> **REQUIRED ACTION**
I'd like the entire listing output verbatim, apart from the pictures.

> **DATA**
____
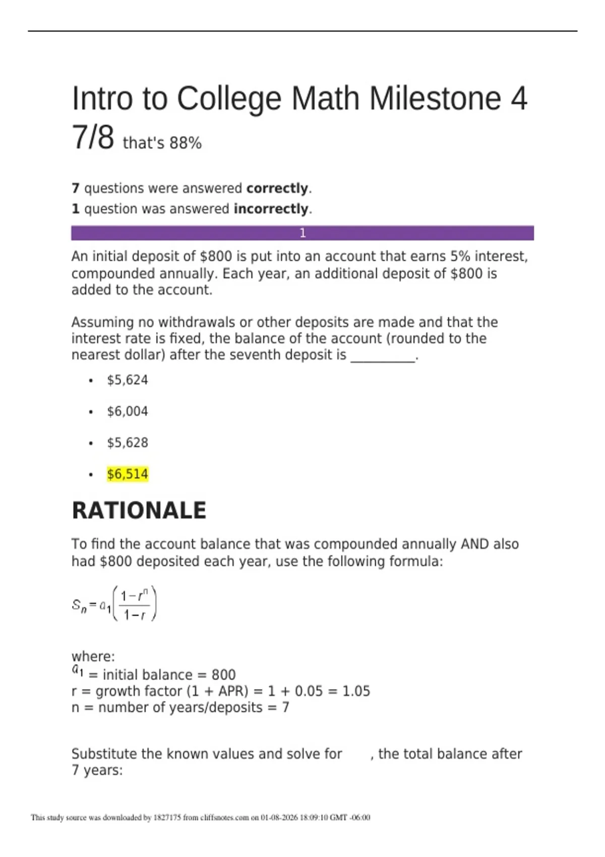 Intro to College Math Milestone 4.pdf Page 1 of 8 Exam Preparation Complete Study Guide with Solution 2025/ 2026
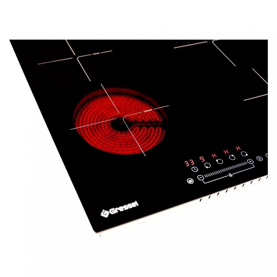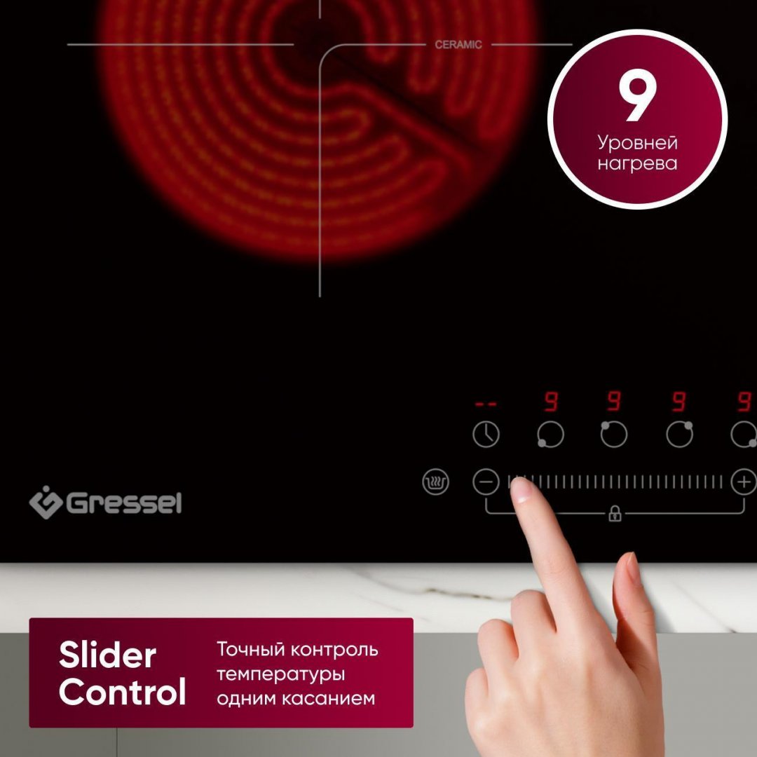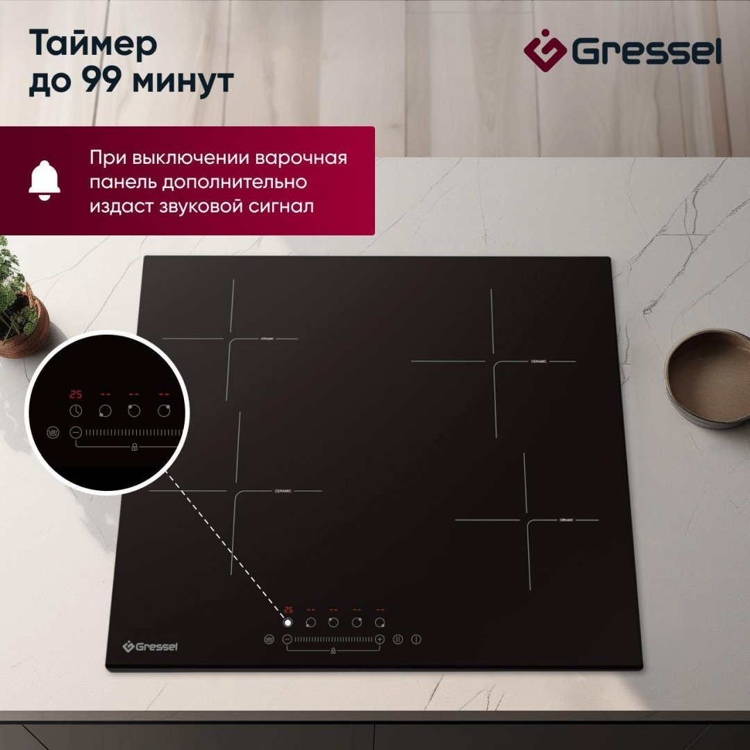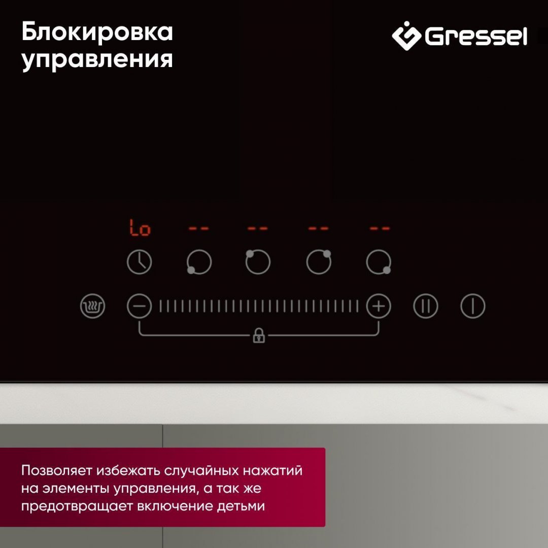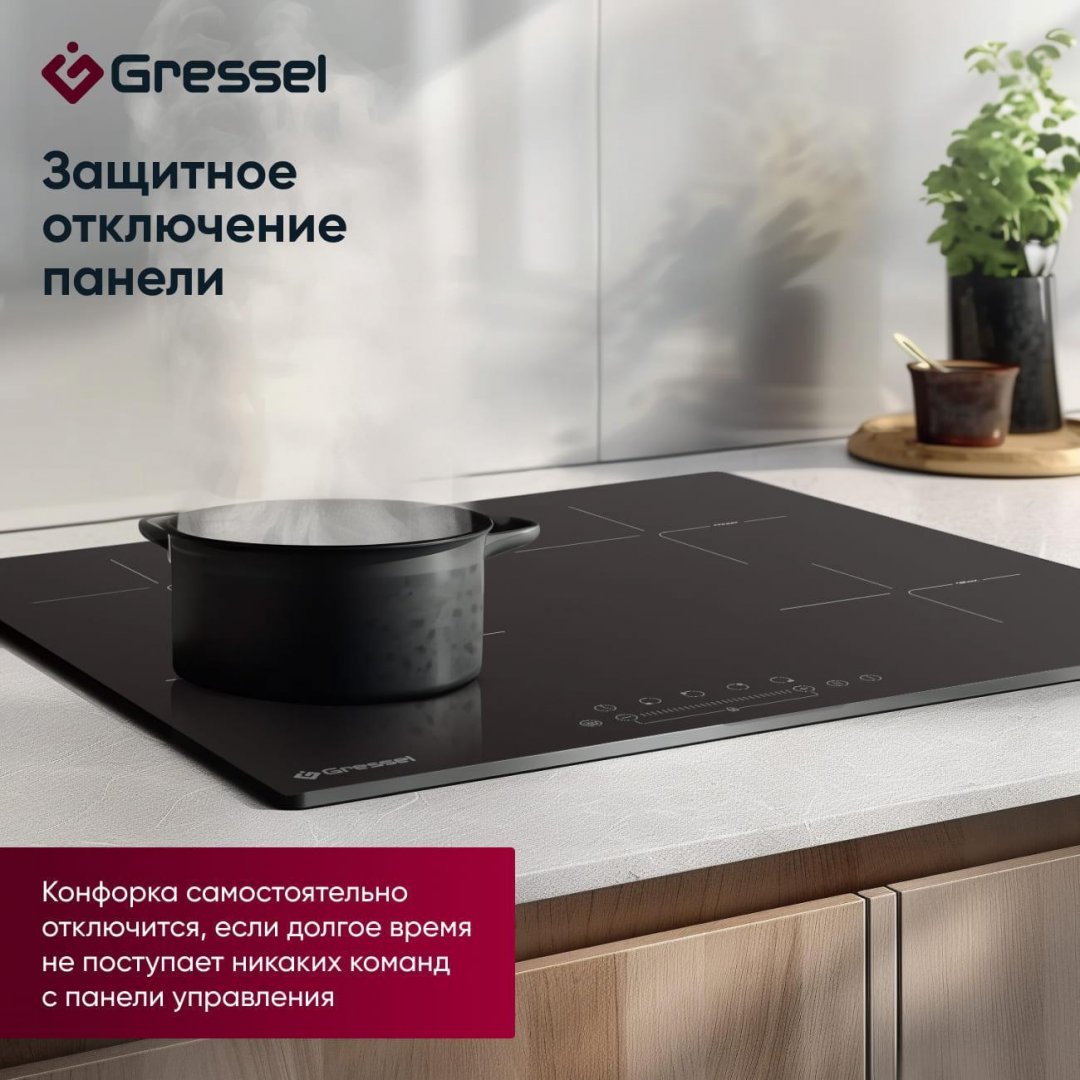Описание Варочная панель электрическая Gressel U60D14S100 Встраиваемая электрическая панель Gressel U60D14S100 выполнена из закаленного стекла без рамки. Компактные размеры 590х520 мм подходят для стандартных ниш шириной 560 мм, обеспечивая аккуратную установку и надежное крепление в столешнице толщиной от 30 мм. Четыре нагревательных зоны типа Hi-Light Конфорки диаметром 16,5 и 20 см подходят для различной посуды. Мощность 1,2 и 1,8 кВт гарантирует равномерное распределение тепла и быстрый разогрев без потерь энергии. Сенсорное управление слайдерного типа Панель расположена спереди и оснащена чувствительными сенсорными зонами, реагирующими на легкое касание. Цифровой дисплей с индикацией режимов Экран отображает выбранные параметры нагрева и состояние конфорок. Встроены индикаторы остаточного тепла, включения и отсутствия посуды. Автоматическое отключение Система безопасности срабатывает при проливе жидкости или перегреве. Управление блокируется для защиты от детей и предотвращения случайного изменения настроек. Режим быстрого нагрева Импульсный принцип ускоряет выход на рабочую температуру, сокращая время приготовления без увеличения энергопотребления. Звуковое уведомление информирует о завершении установленного времени на таймере. Доступна функция самодиагностики неисправностей. Потребляемая мощность составляет 6000 Вт, длина кабеля питания равна 1 м.
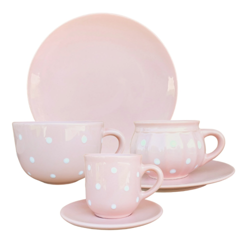 pasztel rózsa alapon fehér pöttyös reggeliző szett 6részes Termék adatai Anyaga: kerámia Szín: pasztel rózsa Bevonat: Károsanyag mentes,fényes máz. Készült: Égetéssel 1030 C-on Űrméret: 2 dl és 4 dl tányér átmérő:19,5 cm Mosogatógépben és mikróban is ha
____
> **OUTPUT OF THE EXERCISE**
 Intro to College Math Milestone 4.pdf Page 1 of 8 Exam Preparation Complete Study Guide with Solution 2025/ 2026
Описание Варочная панель электрическая Gressel U60D14S100 Встраиваемая электрическая панель Gressel U60D14S100 выполнена из закаленного стекла без рамки. Компактные размеры 590х520 мм подходят для стандартных ниш шириной 560 мм, обеспечивая аккуратную установку и надежное крепление в столешнице толщиной от 30 мм. Четыре нагревательных зоны типа Hi-Light Конфорки диаметром 16,5 и 20 см подходят для различной посуды. Мощность 1,2 и 1,8 кВт гарантирует равномерное распределение тепла и быстрый разогрев без потерь энергии. Сенсорное управление слайдерного типа Панель расположена спереди и оснащена чувствительными сенсорными зонами, реагирующими на легкое касание. Цифровой дисплей с индикацией режимов Экран отображает выбранные параметры нагрева и состояние конфорок. Встроены индикаторы остаточного тепла, включения и отсутствия посуды. Автоматическое отключение Система безопасности срабатывает при проливе жидкости или перегреве. Управление блокируется для защиты от детей и предотвращения случайного изменения настроек. Режим быстрого нагрева Импульсный принцип ускоряет выход на рабочую температуру, сокращая время приготовления без увеличения энергопотребления. Звуковое уведомление информирует о завершении установленного времени на таймере. Доступна функция самодиагностики неисправностей. Потребляемая мощность составляет 6000 Вт, длина кабеля питания равна 1 м.
 pasztel rózsa alapon fehér pöttyös reggeliző szett 6részes Termék adatai Anyaga: kerámia Szín: pasztel rózsa Bevonat: Károsanyag mentes,fényes máz. Készült: Égetéssel 1030 C-on Űrméret: 2 dl és 4 dl tányér átmérő:19,5 cm Mosogatógépben és mikróban is ha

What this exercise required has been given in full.